In this case, the task is to find the largest component in which every node can connect to every other node, which, in the general case, is a difficult problem and cannot be solved in an acceptable amount of time. The coordinator node uses a heuristic algorithm to find the best approximate solution. The nodes that are left out of the solution are shut down.

Split-brain Resolved

ZooKeeper cluster segmentation

In large-scale deployments where the ZooKeeper cluster can span multiple data centers and geographically diverse locations, it can split into multiple segments due to network segmentation. If this occurs, ZooKeeper checks if there is a segment that contains more than a half of all ZooKeeper nodes (ZooKeeper requires this many nodes to continue its operation), and, if found, this segment takes over managing the Ignite cluster, while other segments are shut down. If there is no such segment, ZooKeeper shuts down all its nodes.

In case of ZooKeeper cluster segmentation, the GridGain cluster may or may not be split. In any case, when the ZooKeeper nodes are shut down, the corresponding GridGain nodes try to connect to available ZooKeeper nodes and shut down if unable to do so.

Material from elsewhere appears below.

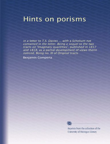 | 9. Hints on porisms: in a letter to T.S. Davies ... with a Scholium not contained in the letter. Being a sequel to the two tracts on 'Imaginary quantities', ... noticed. Being no. III of Original tracts by Benjamin Gompertz | |
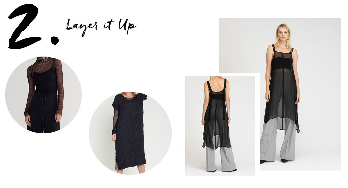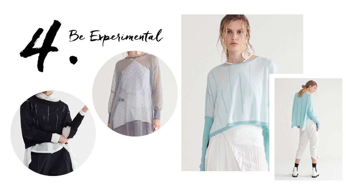 Be Experimental: Pull out your favourite pieces from winter and summer to combine them together. Layer light with midweight layers such as the incredible Reversible Shadow Sweater or the Sheer Objective Dress with summer shorts or a floating skirt, or your favourite winter pants with a beautiful summer singlet tucked in with a belt. The Trace Sweater is also the perfect crop knitwear piece to layer over a longer dress shirt and tailored pants for a easy winter through spring look. Click here to shop our new collection now.

The following image is an example of network segmentation that splits both the GridGain cluster and ZooKeeper cluster into two segments. This may happen if your clusters are deployed in two data centers. In this case, the ZooKeeper node located in Data Center B will shut itself down. The GridGain nodes located in Data Center B will not be able to connect to the remaining ZooKeeper nodes and will also shut themselves down.

Zookeeper Split

Custom Discovery Events

Changing a ring-shaped topology to the star-shaped one affects the way custom discovery events are handled by the Discovery SPI component. Since the ring topology is linear, it means that each discovery message is processed by nodes sequentially.

With ZooKeeper Discovery, the coordinator sends discovery messages to all nodes simultaneously resulting in the messages to be processed in parallel. As a result, ZooKeeper Discovery prohibits custom discovery events from being changed. For instance, the nodes are not allowed to add any payload to discovery messages.

GridGain and ZooKeeper Configuration Considerations

When using ZooKeeper Discovery, you need to be sure that the configuration parameters of the ZooKeeper cluster and GridGain cluster match each other.

Consider a sample ZooKeeper configuration, as follows:

# The number of milliseconds of each tick
tickTime=2000

# The number of ticks that can pass between sending a request and getting an acknowledgement
syncLimit=5

Configured this way, ZooKeeper server detects its own segmentation from the rest of ZooKeeper cluster only after tickTime * syncLimit elapses. Until this event is detected at ZooKeeper level, all GridGain nodes connected to the segmented ZooKeeper server do not try to reconnect to the other ZooKeeper servers.

On the other hand, there is a sessionTimeout parameter on the GridGain side that defines how soon ZooKeeper closes a GridGain node’s session if the node gets disconnected from the ZooKeeper cluster. If sessionTimeout is smaller than tickTime * syncLimit , then the GridGain node is notified by the segmented ZooKeeper server too late — its session expires before it tries to reconnect to other ZooKeeper servers.

To avoid this situation, sessionTimeout should be bigger than tickTime * syncLimit.